Маланья присела, все так же теребя засаленные концы кушака. Захарий погладил ее по плечу, она не отстранилась, прижалась доверчиво. Куда подевалось прежнее недружелюбие?
– Бесом девка маялась, – пояснил старец. – Скажи, Маланья, сколько в тебе бесов сидело?
– Шесть… – блеклым голосом ответила женщина.
– Ше-есть, – протянул Захарий. – Дьявольское число. А скажи, Маланья, откуда они в тебе народились?
– Грешила я, батюшка, – залепетала женщина, уставившись в пол. – Телом торговала. От плода избавилась, а потом новый плод родился, сатанинский.

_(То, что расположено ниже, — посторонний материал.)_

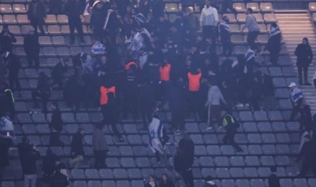 UEFA Uluslar Ligi A Grubu'nda yapılan Fransa-İsrail takımları arasındaki futbol maçında gergin anlar yaşandı.Fransa'nın başkenti Paris'te oynanan, İsrail milli marşının ıslıklandığı maç sırasında İsrail taraftarları kavga çıkardı ve bazı Fransız taraftarlarını darp etti.Aşırı solcu Boyun Eğmeyen Fransa (LFI) Partisi Milletvekili Raphael Arnault, X hesabından yaptığı paylaşımda, İsrailli aşırıcı taraftarın maça kavga etmek için geldiklerini önden duyurduğunu belirtti.Arnault, statta çok sayıda linç olayı yaşandığını ifade ederek, aşırı sağcı İsrail tarafların önlemek için neler yapıldığını sordu.LFI Parti Koordinatörü Manuel Bompard, İsrailli taraftarların Fransız taraftarları darp ettiği anlara ait görüntüleri paylaşarak, bunun "utanç verici" olduğunu ifade etti.Emmanuel Hoarau isimli öğrenci ve gazeteci, X hesabından, maç sırasında tribünlerden Filistin bayrağını açtığı ana ait fotoğrafı paylaştı.Hoarau, aynı sosyal medyada yaptığı açıklamada, "Hiçbir özgürlük kısıtlayıcı önlem, Gazze'de devam eden katliamı unutturamaz." ifadelerini kullanarak, Fransa İçişleri Bakanı Bruno Retailleau'nun X hesabını etiketledi.Fransa Cumhurbaşkanı Emmanuel Macron, maç öncesi Fransız basınına yaptığı açıklamada, nerede olursa olsun Yahudi karşıtlığına boyun eğmeyeceklerini, şiddetin ve korkutmanın Fransa'da galip gelmeyeceğini belirtti.Fransa’da Filistin destekçilerinin, Saint-Denis'te yer alan Stade de France'taki Fransa-İsrail maçına yönelik tepkileri haftalardır devam ediyor.Filistin destekçileri, son haftalarda yaptıkları eylemler kapsamında, maçın iptal edilmesini, Fransız taraftarların maçı boykot etmesini ve Fransa milli takımında forma giyen futbolcuların karşılaşmada oynamayı reddetmesi çağrısında bulunmuştu.Fransız yetkililer, Hollanda'nın başkenti Amsterdam'da UEFA Avrupa Ligi'nde 7 Kasım'da yapılan Ajax-Maccabi Tel Aviv maçı öncesinde ve sırasında yaşananların ardından, maç kapsamında yoğun güvenlik tedbirleri alma yoluna gitti.Maçın oynandığı stadın etrafında güvenlik alanı oluşturan polis, bu alana yaklaşanları kontrole tabi tuttu.Taraftarların stada çanta ve şişeyle gelmemeleri talep edilirken, yerel saatle 15.30'da stadın çevresindeki dükkanlar kepenk kapattı.Başkent Paris'te ve Saint-Denis'te 4 bin polis ve jandarma yanı sıra 1400 stat çalışanı görevlendirildi. Bu maç için görevlendirilen güvenlik gücü sayısı, aynı statta 80 bin taraftarla oynanan yüksek gerilimli Paris Saint Germain (PSG) ve Olimpik Marsilya maçlarının iki katını oluşturdu.Öte yandan, taraftarların, maç sahasına yakın tribünlerde oturması ve stada Filistin bayrakları getirmesi yasaklandı.
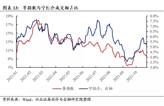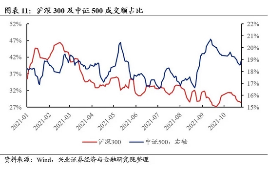本周,中证1000、创业板指、科创50和深证成指交易拥挤度上行,上证指数、中证500、中证800、沪深300、茅指数和宁组合成交热度有所下行。具体来看,截止2021/10/28,沪深300成交额占全部A股成交额的比重(MA5,下同)为28.53%,处于24.8%的历史分位,环比上周下降0.93%;中证500成交额占比为18.88%,处于33.0%的历史分位,环比上周下降0.17%;创业板指成交额占全部A股的比重为20.79%,处于88.8 %的历史分位,环比上周上涨0.28%;科创50成交额占全部A股的比重为4.05%,处于82.1 %的历史分位,环比上周上涨0.26 %;茅指数成交额占比为9.74%,处于93.0%的历史分位,环比上周下降0.8 %;宁组合成交额占比为5.21%,处于93.8%的历史分位,环比上周下降0.65%。
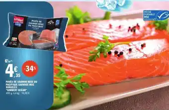 Actuellement en offre chez E.Leclerc : Pavés de Saumon Rose du Pacifique Sauvage MSC Surgelés 'Gimbert Océan' ✅ Valable du 3-03 au 14-03.
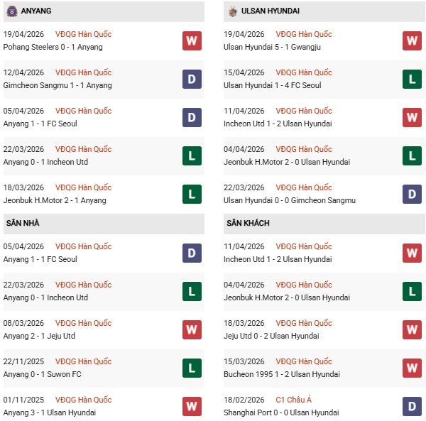 Trên sân nhà, Anyang cũng thể hiện sự ổn định khi bất bại 3/5 trận gần nhất, dù phần lớn các trận đấu diễn ra với thế trận chặt chẽ và không có nhiều bàn thắng.
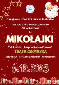 Okręgowa Izba Lekarska w Krakowie serdecznie zaprasza wszystkie dzieci i wnuki lekarzy oraz lekarzy dentystów, członków OIL w Krakowie na wyjątkowe, magiczne spotkanie z okazji Mikołajek!

– А теперь-то как? Мучают бесы?
Маланья мотнула головой.
– Нет. Как ты мне на чрево ладонь наложил, так я тут же бесовским бременем разрешилась. Одному Господу я теперь служу, да еще тебе, батюшка.
Старец заулыбался, погладил женщину по спине.
– Так, моя хорошая. Так. Ну, ступай теперь.
Маланья встала со скамьи, по-прежнему не глядя в камеру, скользнула в тень.
– Так и живем, – вздохнул Захарий. – Ты-то, девка, тоже городская. Тоже в тебе, поди, черви клубятся. Во всех вас, мирских да пришлых, червоточина…
По спине Павла мазнуло холодком. Он понял, чего не хватало в избе старца – на стенах не было икон.
План снова поменялся. Теперь Софья стояла у покосившегося плетня, а ее крашеные волосы трепал ветер.
– Многие из тех, кого исцелил Захарий, остались в Доброгостове, – ведущая указала на одинаковые аккуратные срубы. – По примеру старца люди бежали от мира и зажили отшельниками. Что заставило их пожертвовать благами цивилизации? Ответа на этот вопрос нет. «Рыбари Господни», или как их называют местные, Краснопоясники, наотрез отказались разговаривать с журналистами. На собрание общины тоже попасть не удалось. Однако мы заполучили ценную запись: ее украдкой сделал один из родственников девушки, над которой проводился обряд экзорцизма. Просьба отойти от экранов впечатлительным людям, детям и беременным женщинам: следующие кадры повергнут вас в шок!
Экран погас и оставался темным несколько секунд. Затем по нему замельтешили разноцветные мушки, изображение запрыгало – видимо, действительно снималось из-под полы. Потом Павел увидел людей в белых балахонах: они стояли полукругом, воздев руки в молитве. Павел покрутил настройки слухового аппарата, но вскоре понял, что на записи не было звука изначально.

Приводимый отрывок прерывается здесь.